- Exercise description
The answer is to be the data that follows, transcribed exactly, minus its pictures.
Top of Provided material
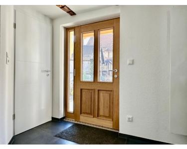 Die im Jahr 2024 sanierte Wohnung im Erdgeschoss erreichen Sie direkt vom Hof des Grundstücks aus über eine im Jahr der Sanierung verbaute Haustür aus massivem Eichenholz.
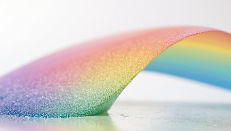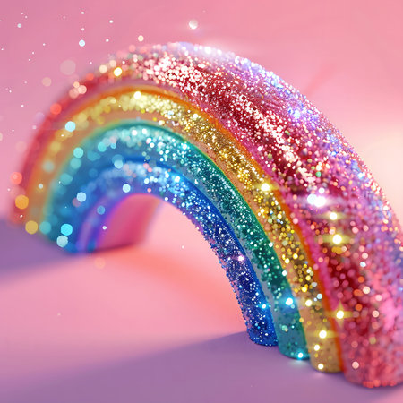 A close-up shot of a glittering rainbow, capturing its vibrant hues and sparkling texture against a soft pink backdrop.
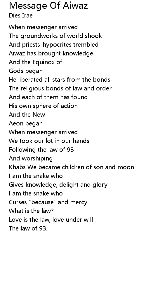 | Love is the law, love under will | |
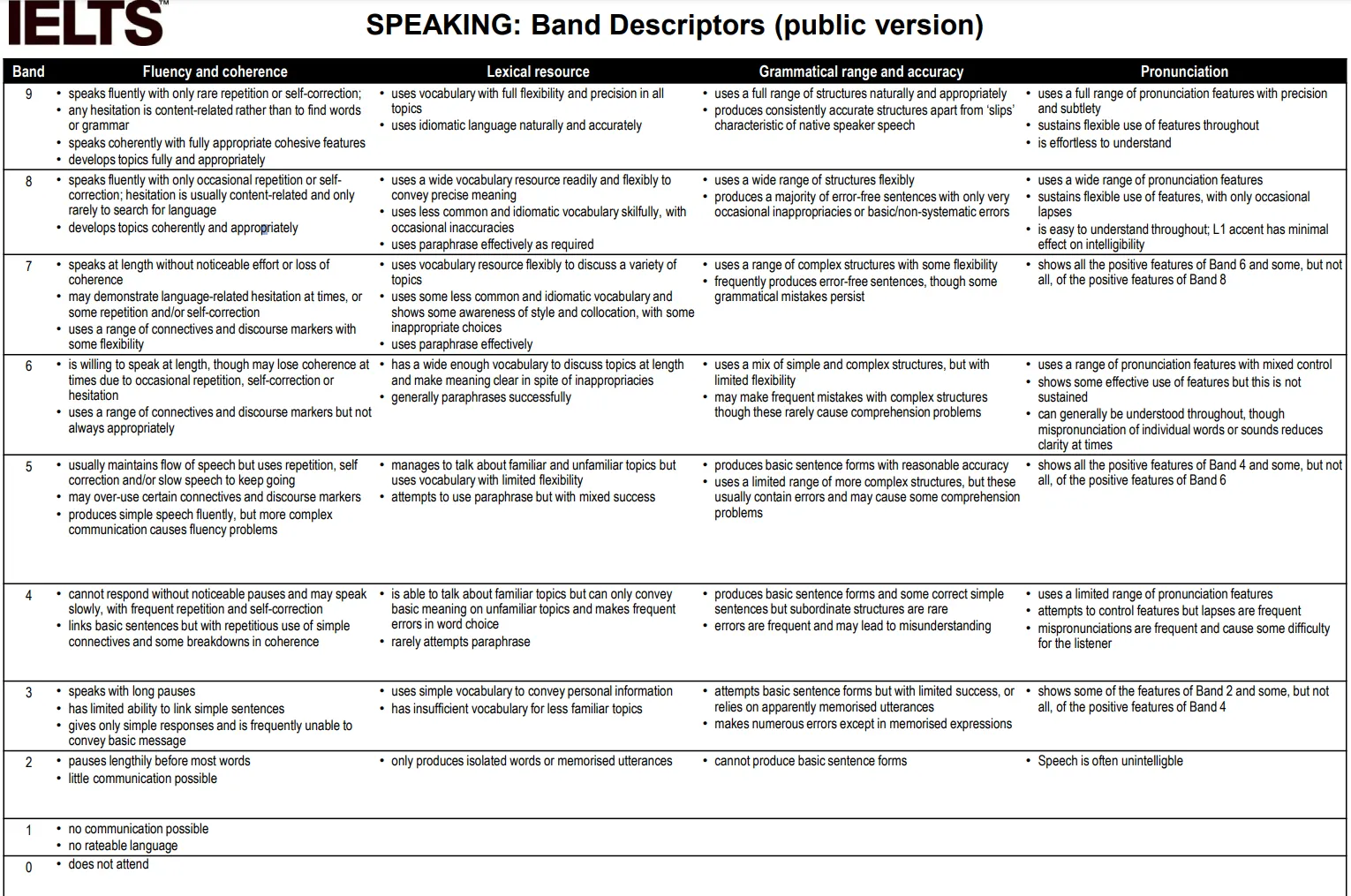 These descriptors serve as your roadmap to success — they show what examiners listen for and what skills you need to improve to reach your target band.
Bottom of Provided material
- Answer box
 Die im Jahr 2024 sanierte Wohnung im Erdgeschoss erreichen Sie direkt vom Hof des Grundstücks aus über eine im Jahr der Sanierung verbaute Haustür aus massivem Eichenholz.
 A close-up shot of a glittering rainbow, capturing its vibrant hues and sparkling texture against a soft pink backdrop.
 | Love is the law, love under will | |
 These descriptors serve as your roadmap to success — they show what examiners listen for and what skills you need to improve to reach your target band.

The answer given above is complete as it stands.